◆ What you have to do ◆
Required from the data below: the exact lines starting at the line containing "Clover Products 12″" and ending at the line containing "Dniem targowym tak", with both ends kept and all pictures dropped.

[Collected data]
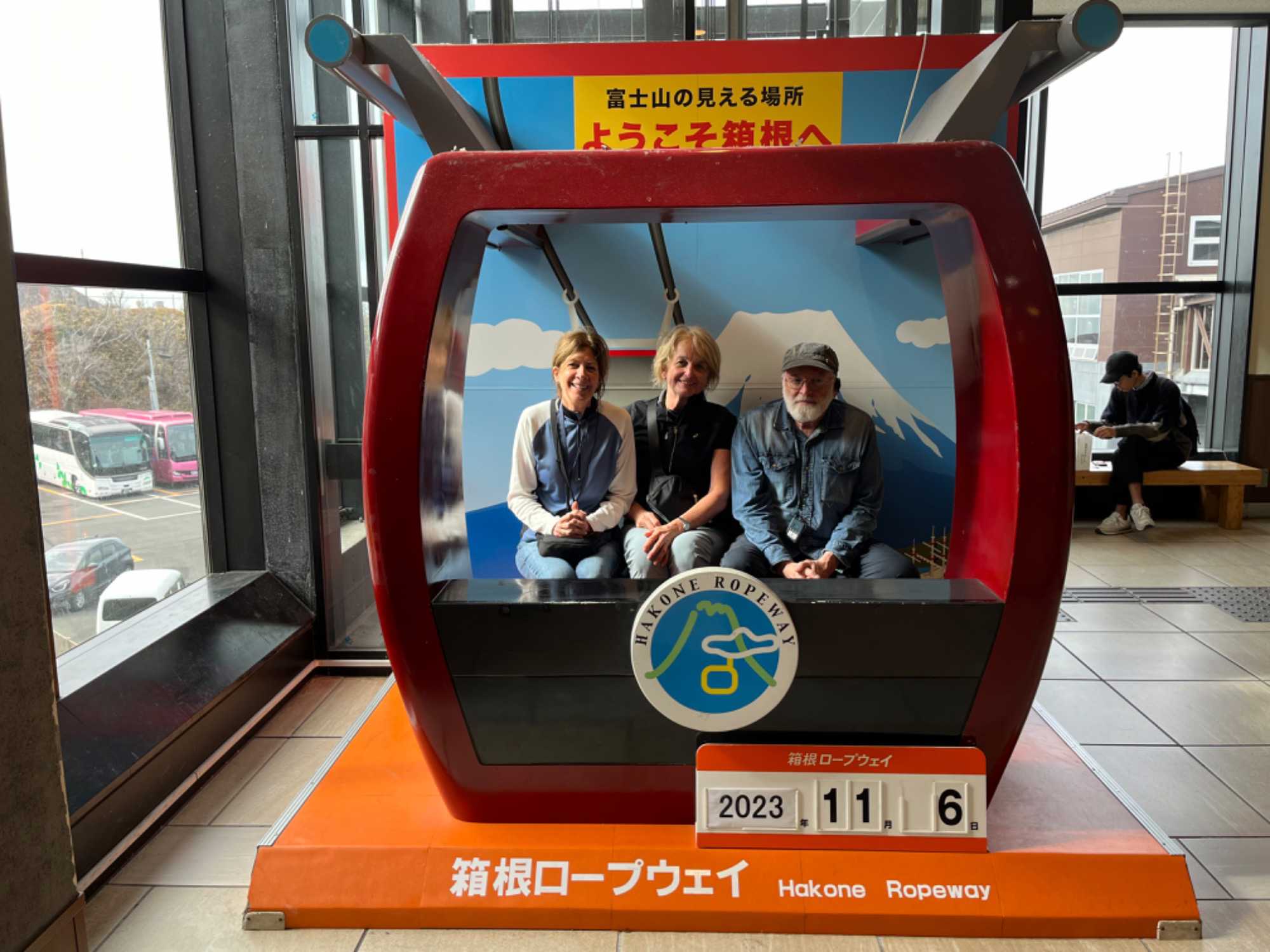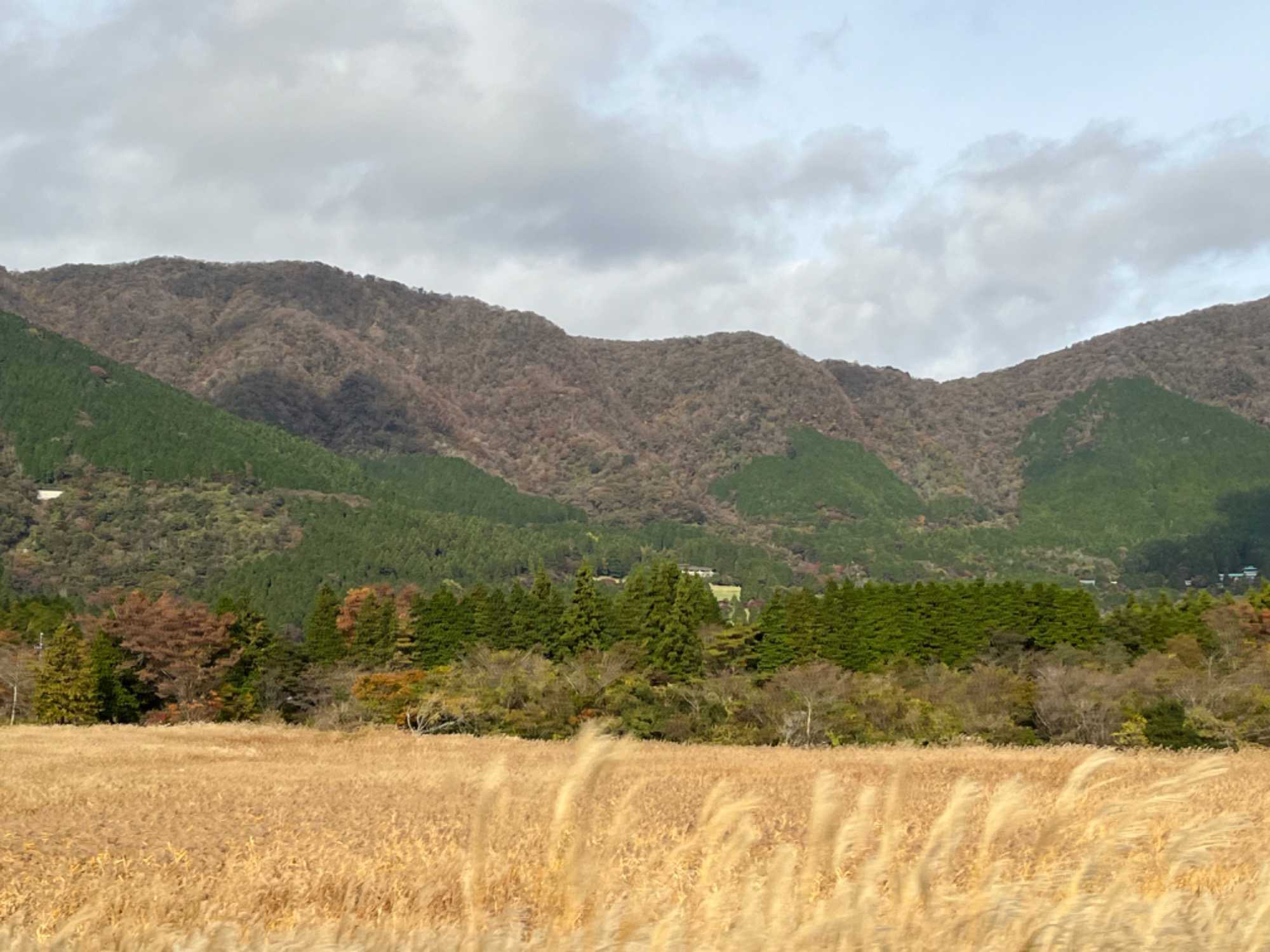 Arrivés au port, notre chauffeur nous attend et nous montons à bord de l’autobus pour aller découvrir la vallée d’Owakudani. Cette vallée volcanique est l’un des lieux à ne pas manquer de passage à Hakone ! Située sur les hauteurs du lac Ashi, les visiteurs s’y rendent autant pour les éruptions de souffre impressionnantes de ses sources chaudes naturelles que pour le magnifique panorama sur le légendaire mont Fuji. Fuji San, comme l’appellent les Japonais, est le plus haut sommet du Japon (3 776 mètres). De par son profil montagneux exceptionnellement symétrique, et de par sa forme conique, le Mont Fuji est devenu le principal symbole du Japon. C’est un stratovolcan (grand volcan conique formé par les coulées de lave durcie) faisant partie de la fameuse ceinture de feu du Pacifique. Il est toujours considéré actif et ce même si la dernière éruption remonte à 1707, donc plus de 300 ans. À sa base, se déploie une région de 5 lacs, plateaux, cascades et grottes offrant de beaux paysages naturels. Nous roulons en pleine campagne pendant un bon moment et on peut y voir plusieurs cultures de plants de théier. Tout au long de la route, nous contemplons le majestueux Mont Fuji. Comme nous le dit notre excellent guide, Jean, nous sommes chanceux de le voir.
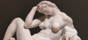 Nous sommes plusieur.es à rester fasciné.es par la posture lascive de l’Esclave mourant, par la grâce de sa main repliée sur son torse et par la courbe de son cou à la tête légèrement rejetée en arrière. Abandonnée aux regards, la statue s’offre aux crayons de celles et ceux qui tentent vainement une esquisse de ce corps exalté, presque vivant.
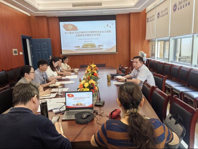 党总支在F119会议室召开学习贯彻习近平新时代中国特色社会主义思想主题教育专题民主生活会。会议聚焦学思想、强党性、重实践、建新功总要求,对照主题教育根本任务和具体目标,全面检视自身差距不足,结合典型案例进行深刻剖析,开展批评和自我批评,提出整改措施。校纪委书记齐路良到会指导,会议由党总支书记陈亚琼主持,非党员领导班子成员及专职组织员列席会议。
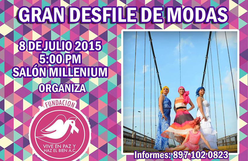 Como ya es sabido la fundación “Vive en Paz y haz el Bien A.C” cada año realiza de manera tradicional un desfile de modas, donde habrá modelos de las diversas tiendas de ropa que estarán patrocinando el evento que es con el objetivo de obtener fondos económicos que llevan beneficio a las personas con cáncer.
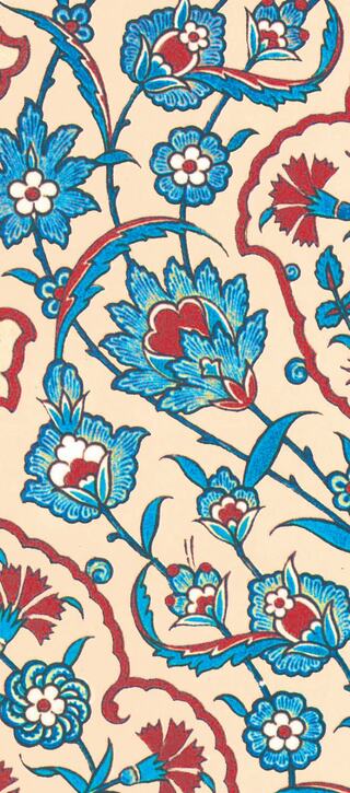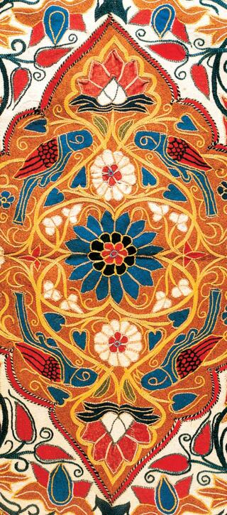 Fact Sheet (Link opens in new window)The rich detail of Khameh-Duzi silk-embroidered broad cloth curtain from 18th century Rasht inspires this artwork. Khameh-Duzi literally translates to English as "cream of the crop," a fitting title and description for what has traditionally been selected to craft the finest, most sacred textiles.
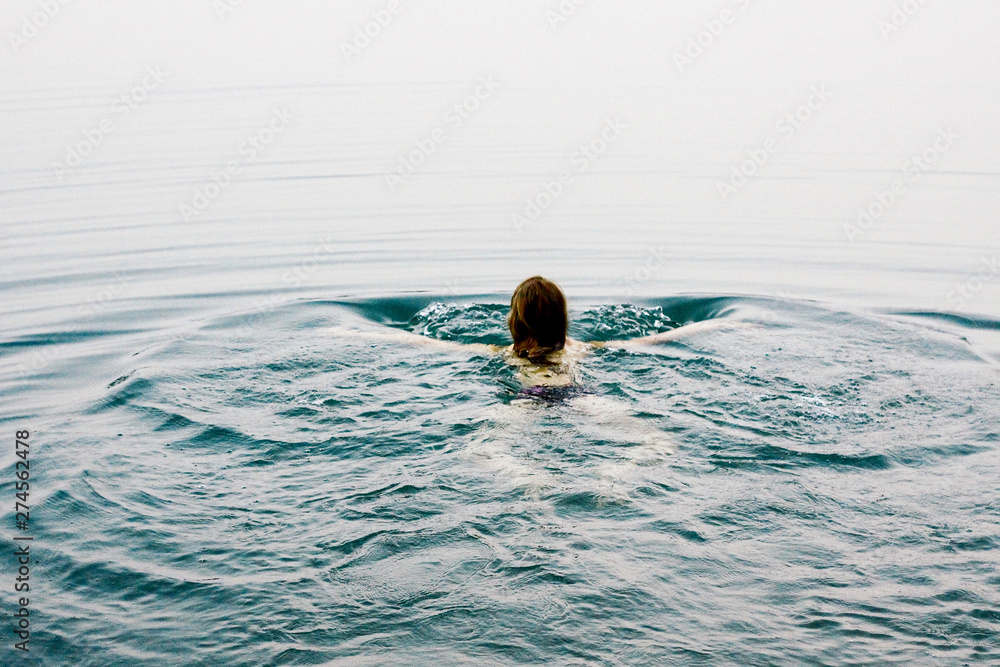 Young beautiful woman is swimming in calm water. The calm water of the lake.
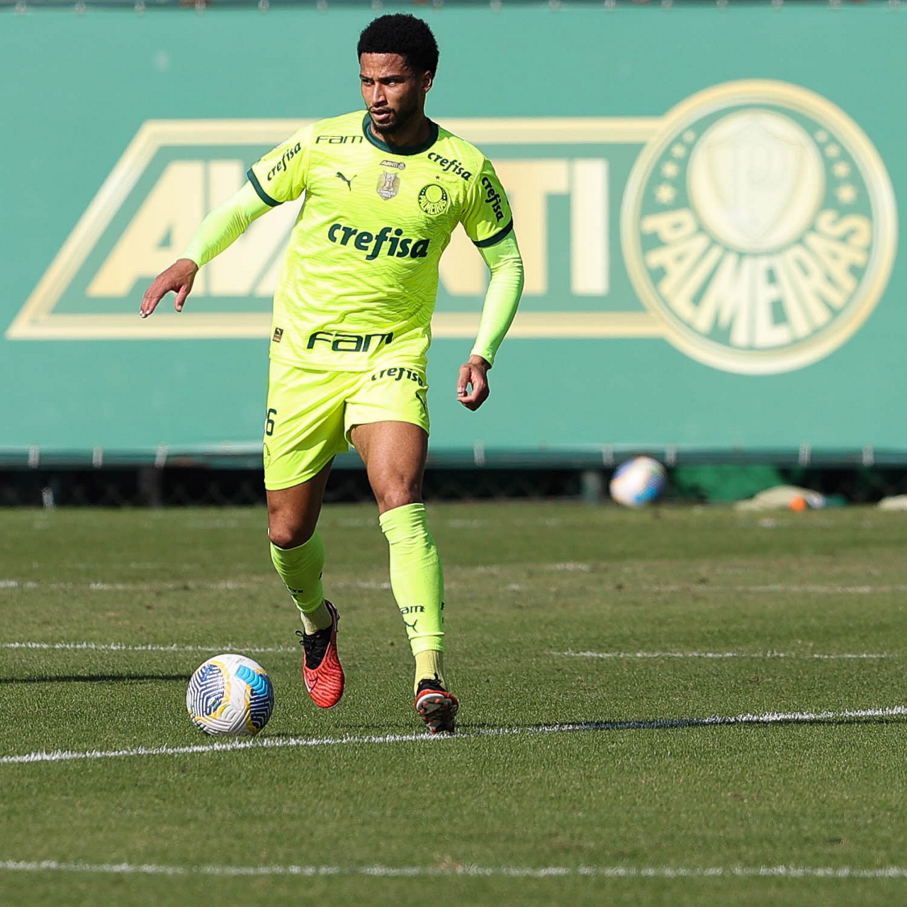 O jogador Fabinho, da SE Palmeiras, durante jogo-treino, na Academia de Futebol. (Foto: Cesar Greco/Palmeiras/by Canon)
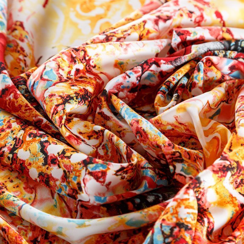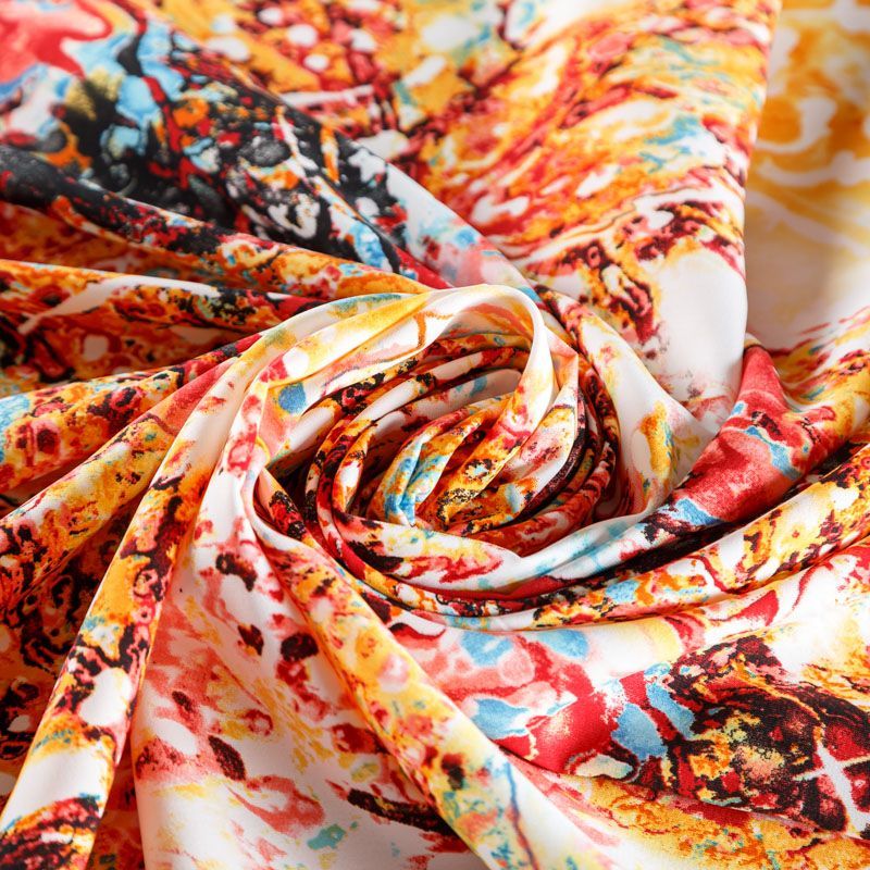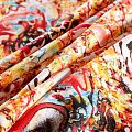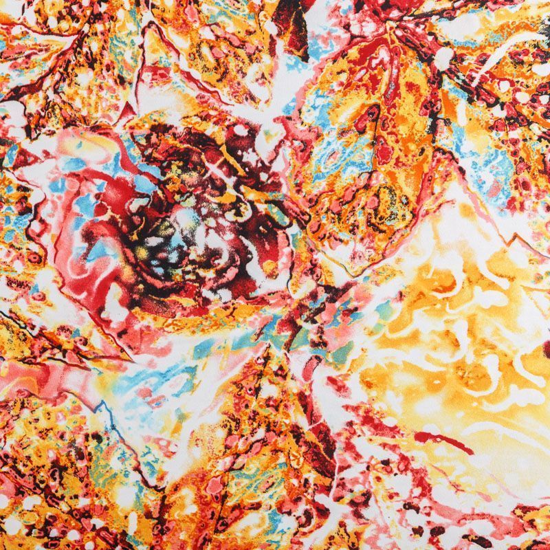 Плательный креп с абстрактным принтом. Ткань средней плотности, не толстая, пластичная, поверхность полотна матовая, с характерной мелкозернистой фактурой, прочная, практически не мнется, хорошо драпируется. Превосходно подойдет для пошива стильного костюма, юбки, платья, комбинезона, топа, брюк.
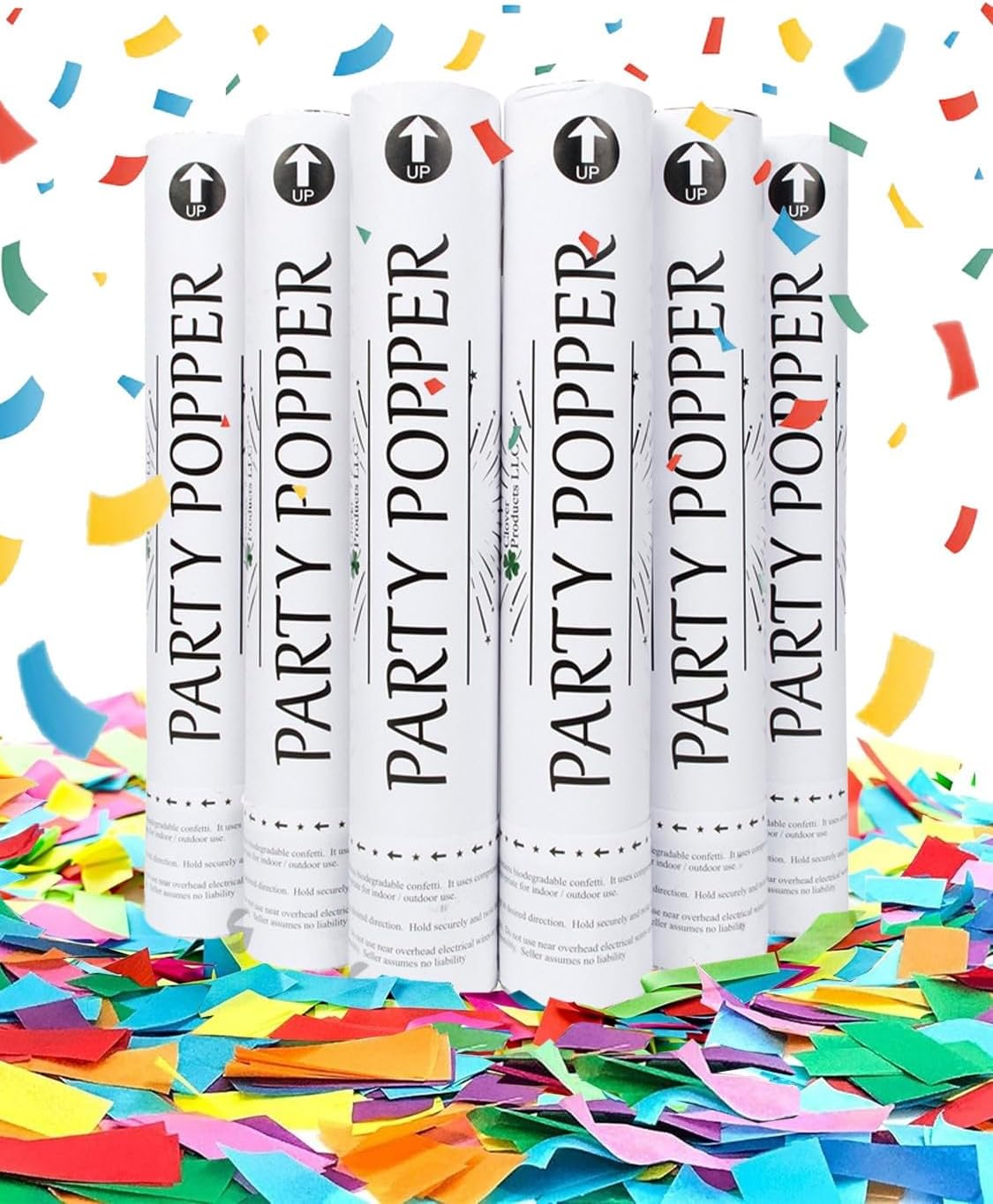 Clover Products 12″ Biodegradable Confetti Cannons | 6 Pack | Multicolor Poppers for Weddings, Birthdays & Events | Air-Powered, Safe & Easy to Use | Shoots 25 Feet for Indoor & Outdoor Celebrations
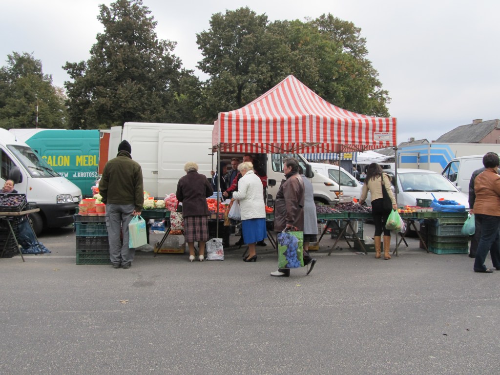 Dniem targowym tak jak dzisiaj była środa… – wspominała pani Grażyna w rozmowie ze mną w 2015 roku Na Dużym Rynku targowisko pełne różności. Co miesiąc odbywał się ogromny jarmark. – Święto Dyszla, mówili. Piekarz sprzedawał wszelkie pieczywo, a obok był stół i samowar. Ludzie siadali, jedli bułki i popijali je herbatą. A na Długim Rynku , w miejscu gdzie dzisiaj jest przystanek autobusowy, mieściło się tzw. Końskie Targowisko, na którym sprzedawano konie, świnie i bydło. Tam wszystkim strasznie dokuczały gzy!
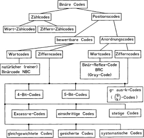 Es gibt keinen optimalen Allzweckcode. Die Wahl eines geeigneten binären Codes wird wesentlich durch die Forderungen bestimmt, die sich aus den Eigenschaften des Datenverarbeitungssystems ergeben. Ein Code für arithmetische Operationen hat beispielsweise anders auszusehen als einer für Übertragungsoperationen auf Leitungen oder ein Code zur digitalen Meßwerterfassung von mechanischen Großen. Bild 10. 1 zeigt eine schematische Übersicht über die wichtigsten Codes. Die Schematisierung ist insofern unvollständig, als eine Reihe von Codes gemeinsame Eigenschaften besitzen, die dieses Schema nicht zum Ausdruck bringt.

◆ Response ◆
 Clover Products 12″ Biodegradable Confetti Cannons | 6 Pack | Multicolor Poppers for Weddings, Birthdays & Events | Air-Powered, Safe & Easy to Use | Shoots 25 Feet for Indoor & Outdoor Celebrations
 Dniem targowym tak jak dzisiaj była środa… – wspominała pani Grażyna w rozmowie ze mną w 2015 roku Na Dużym Rynku targowisko pełne różności. Co miesiąc odbywał się ogromny jarmark. – Święto Dyszla, mówili. Piekarz sprzedawał wszelkie pieczywo, a obok był stół i samowar. Ludzie siadali, jedli bułki i popijali je herbatą. A na Długim Rynku , w miejscu gdzie dzisiaj jest przystanek autobusowy, mieściło się tzw. Końskie Targowisko, na którym sprzedawano konie, świnie i bydło. Tam wszystkim strasznie dokuczały gzy!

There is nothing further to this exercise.